L'anandamide (N-arachindonoil-etanolammina o AEA) è un acido grasso endogeno derivato dall'acido arachidonico, capace di legarsi ai recettori dei cannabinoidi producendo sia effetti centrali che periferici. In tal senso, l'anandamide ricalca a grandi linee l'azione del tetraidrocannabinolo, o THC, che è il principio attivo della marijuana; a livello cerebrale, l'interazione con i recettori dei cannabinoidi, produce modificazioni del tono dell'umore e del livello di coscienza.

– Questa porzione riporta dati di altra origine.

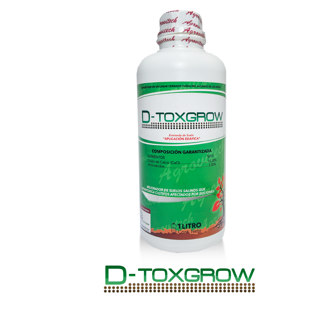 D-TOXGROW es un corrector de suelos salinos, salino-sódicos y también ayuda a desintoxicar cultivos cuando estos han sido intoxicados con iones metálicos, cuando se tienen condiciones de aguas de riego con altos contenidos en sodio, cloro y magnesio y en cultivos conducidos en medios de elevada C.E.
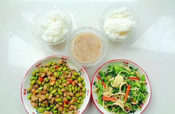 菜:毛豆炒肉丁+毛芹菜炒豆皮
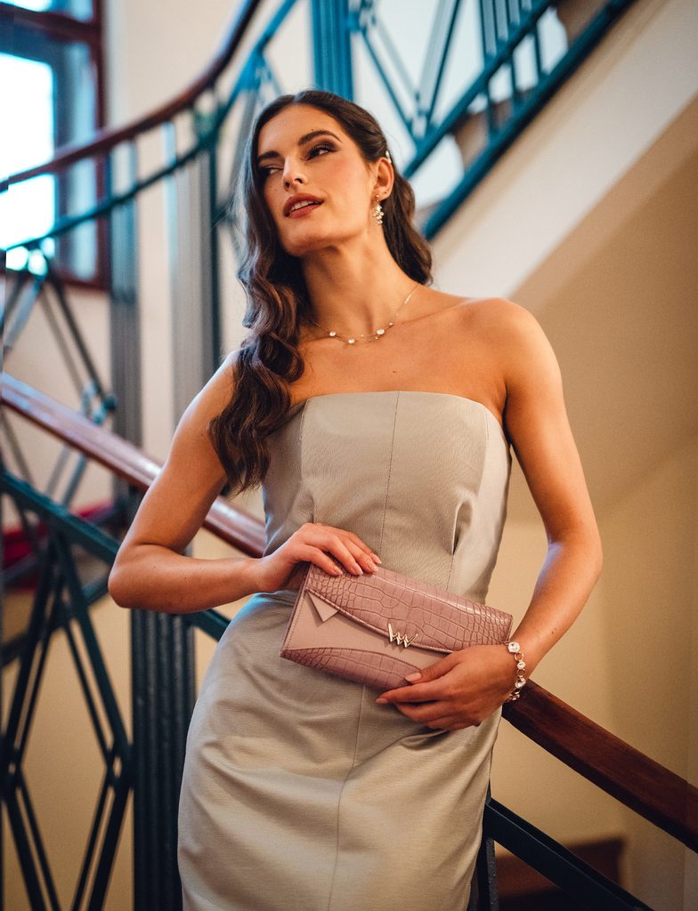 Omejena zbirka torbic modnega oblikovalca Dominika Navrátila je slavje elegance in natančnosti krojaškega ustvarjanja. Tri edinstvene torbice za različne družabne dogodke združujejo oblačilne elemente, ki so značilni za Dominikovo ustvarjanje. Navdih je našel v detajlih, kot so kroj korzeta, suknjičev zavihek in nežno prešivanje, ki torbicam dodaja kanček prefinjene magije. Je zbirka, ki združuje obrtno spretnost, ženstvenost in praktično uporabnost.
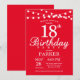 18:e födelsedagsinbjudan med String Ljus. Röd bakgrund. 13:e 15:e 16:e 18:e 20:e 30:e 40:e 60:e 70:e 80:e 90:e 100:e, oavsett ålder.

Non a caso il termine anandamide deriva dalla parola sanscrita ananda, che significa stato di grazia o beatitudine, riferendosi appunto alla sua capacità di evocare sensazioni piacevoli. In realtà, comunque, il ruolo fisiopatologico dell'anandamide è piuttosto complicato e ancora lontano dall'essere completamente chiarito; si ritiene venga sintetizzata in maggiori quantità durante stati di stress per proteggere l'organismo dai danni causati da varie situazioni patologiche, espletando un'azione anti-ossidativa, ipotensiva, immunosoppressiva, antiinfiammatoria e, in particolare, antidolorifica. Importante anche la già ricordata azione modulante su stati emotivi come piacere, capacità di concentrazione ed aggressività.
Piccoli quantitativi di anandamide si trovano anche in alcuni alimenti, come il latte ed il cioccolato; in particolare, la presenza di questa sostanza nel "cibo degli Dei" aveva in un primo tempo indotto i ricercatori a ritenerla responsabile del senso di benessere promosso dall'assunzione di cioccolato, ma anche ad una certa dipendenza dallo stesso alimento; in realtà si è poi visto che le concentrazioni di anandamide nell'alimento sono piuttosto basse, tali per cui bisognerebbe consumarne diversi kg per ottenere gli effetti succitati.